* [PROBLEM]:
Starting at the line that has "Apple today has" and stopping after the line that has "库位库 ‣路线 中, 勾选激活 产品的高级路径规则 。并确保 仓库多位置管理 也被激活。", reproduce the listing below exactly; omit everything else.

* [ENTRIES SUPPLIED]:
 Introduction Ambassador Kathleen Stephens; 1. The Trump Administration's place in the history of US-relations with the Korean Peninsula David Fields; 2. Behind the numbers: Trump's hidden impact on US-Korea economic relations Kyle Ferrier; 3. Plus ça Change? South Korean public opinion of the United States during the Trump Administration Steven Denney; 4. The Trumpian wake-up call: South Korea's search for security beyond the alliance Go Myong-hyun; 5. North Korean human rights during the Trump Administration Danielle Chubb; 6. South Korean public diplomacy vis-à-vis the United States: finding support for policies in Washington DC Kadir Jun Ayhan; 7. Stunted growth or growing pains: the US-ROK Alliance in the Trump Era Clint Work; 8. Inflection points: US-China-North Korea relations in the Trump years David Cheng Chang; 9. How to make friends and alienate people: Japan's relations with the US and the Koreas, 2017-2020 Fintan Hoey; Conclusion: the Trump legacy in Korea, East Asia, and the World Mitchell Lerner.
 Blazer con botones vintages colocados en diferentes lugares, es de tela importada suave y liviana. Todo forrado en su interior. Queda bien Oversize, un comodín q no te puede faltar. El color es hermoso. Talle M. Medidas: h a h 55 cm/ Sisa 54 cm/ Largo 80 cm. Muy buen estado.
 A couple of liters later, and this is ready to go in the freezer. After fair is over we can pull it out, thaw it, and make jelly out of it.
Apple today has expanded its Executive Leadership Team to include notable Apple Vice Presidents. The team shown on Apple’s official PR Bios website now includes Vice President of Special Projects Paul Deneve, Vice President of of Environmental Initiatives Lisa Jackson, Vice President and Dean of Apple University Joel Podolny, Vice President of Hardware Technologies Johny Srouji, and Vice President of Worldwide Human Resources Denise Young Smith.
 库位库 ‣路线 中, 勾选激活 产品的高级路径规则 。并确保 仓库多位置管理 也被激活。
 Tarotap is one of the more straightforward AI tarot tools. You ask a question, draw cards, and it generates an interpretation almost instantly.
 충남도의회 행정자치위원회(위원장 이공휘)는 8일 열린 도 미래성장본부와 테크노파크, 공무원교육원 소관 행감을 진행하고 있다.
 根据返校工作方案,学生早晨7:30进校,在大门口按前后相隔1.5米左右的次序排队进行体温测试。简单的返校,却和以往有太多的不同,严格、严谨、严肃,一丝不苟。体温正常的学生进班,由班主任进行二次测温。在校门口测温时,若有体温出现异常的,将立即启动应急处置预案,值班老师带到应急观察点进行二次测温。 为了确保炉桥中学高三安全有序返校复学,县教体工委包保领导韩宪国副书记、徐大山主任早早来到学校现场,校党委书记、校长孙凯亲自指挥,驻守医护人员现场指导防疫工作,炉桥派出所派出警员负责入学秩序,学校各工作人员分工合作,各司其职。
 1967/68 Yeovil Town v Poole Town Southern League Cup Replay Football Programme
---
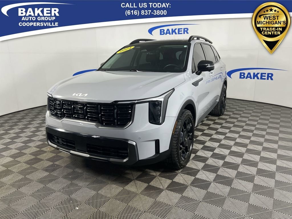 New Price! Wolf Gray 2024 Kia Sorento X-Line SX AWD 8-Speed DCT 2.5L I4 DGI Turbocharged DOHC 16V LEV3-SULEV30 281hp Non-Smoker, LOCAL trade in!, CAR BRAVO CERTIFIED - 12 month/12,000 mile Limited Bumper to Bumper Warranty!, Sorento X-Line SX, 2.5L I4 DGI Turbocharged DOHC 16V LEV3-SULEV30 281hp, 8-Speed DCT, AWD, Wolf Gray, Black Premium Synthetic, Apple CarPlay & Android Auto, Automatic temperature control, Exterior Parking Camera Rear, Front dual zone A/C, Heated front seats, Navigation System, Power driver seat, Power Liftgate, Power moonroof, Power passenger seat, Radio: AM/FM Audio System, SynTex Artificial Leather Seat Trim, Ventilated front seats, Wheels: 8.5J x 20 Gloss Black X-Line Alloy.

* [EXERCISE ANSWER]:
Apple today has expanded its Executive Leadership Team to include notable Apple Vice Presidents. The team shown on Apple’s official PR Bios website now includes Vice President of Special Projects Paul Deneve, Vice President of of Environmental Initiatives Lisa Jackson, Vice President and Dean of Apple University Joel Podolny, Vice President of Hardware Technologies Johny Srouji, and Vice President of Worldwide Human Resources Denise Young Smith.
 库位库 ‣路线 中, 勾选激活 产品的高级路径规则 。并确保 仓库多位置管理 也被激活。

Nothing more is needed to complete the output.